With that said, the obvious issue with your script is that you are doing session_start() twice.  You need to start the session at the start of the script whether or not a person is logged in, and there is no reason to do a 2nd session_start() after that.

 

I've deleted the multiple session_starts(), and also changed to if(isset($_SESSION['username'])) however it still is producing the same error.
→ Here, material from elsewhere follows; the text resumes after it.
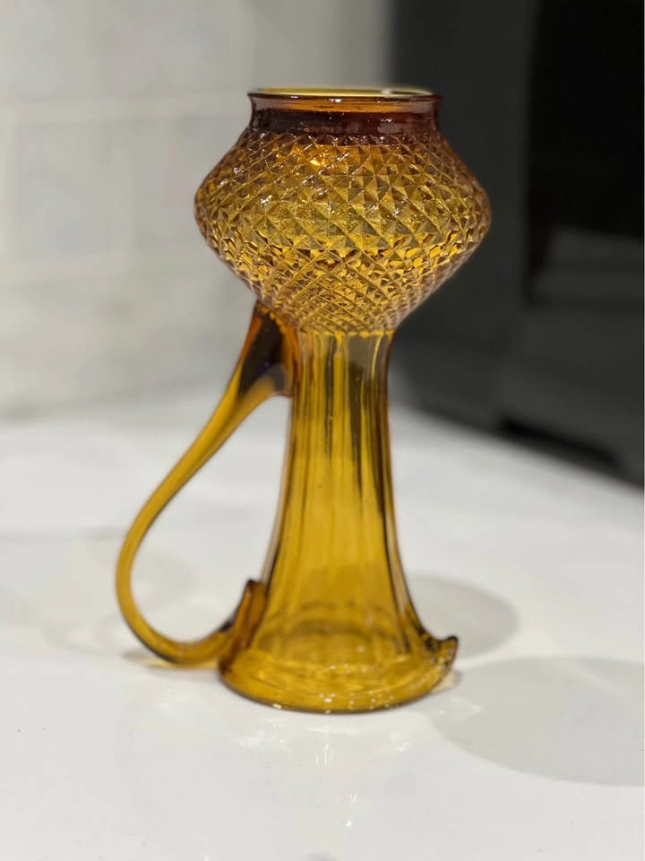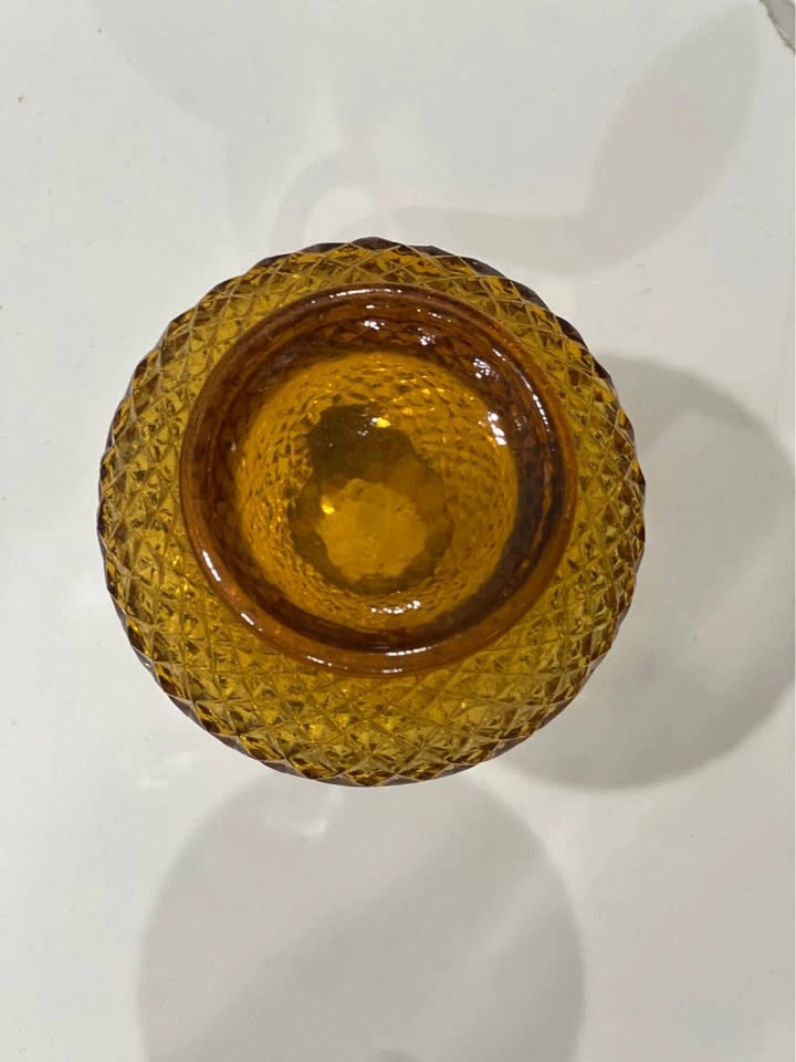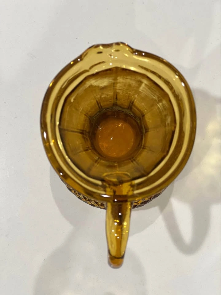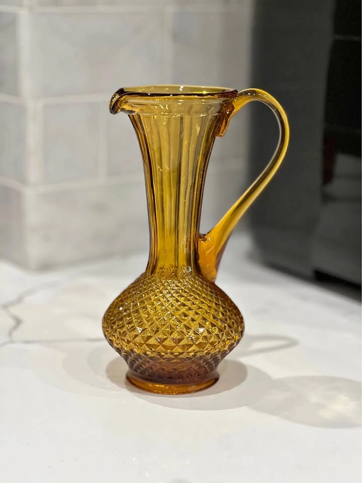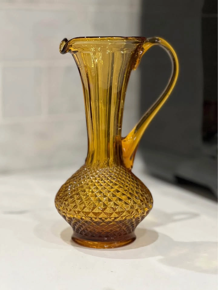 Selling a vintage amber glass pitcher, also referred to as a carafe. This style of glassware is often associated with mid-century design, particularly from the 1950s and 1960s. The pitcher features a diamond or hobnail pattern on the bulbous base. The upper section has a fluted, ribbed design leading to a spout and a large handle. The color is a rich, golden amber hue.

Any ideas?

[phpSensei]

You weren't even logged in properly the first time

 

<?php if($_SESSION){ ?>

 

to

 

<?php if(isset($_SESSION['username'] || empty(trim($_SESSION['username'])){ ?>

 

 

This doesn't mean your logged in, the session can still have no value returned yet be set.

 

print $_SESSION['username'] and see the output on the page.

[Lukeidiot]

You weren't even logged in properly the first time

 

<?php if($_SESSION){ ?>

 

to

 

<?php if(isset($_SESSION['username'] || empty(trim($_SESSION['username'])){ ?>

 

 

This doesn't mean your logged in, the session can still have no value returned yet be set.

 

print $_SESSION['username'] and see the output on the page.

 

I wonder stand that, and I've tried it. The problem I am facing is that the $_SESSION is not registering. Any ideas?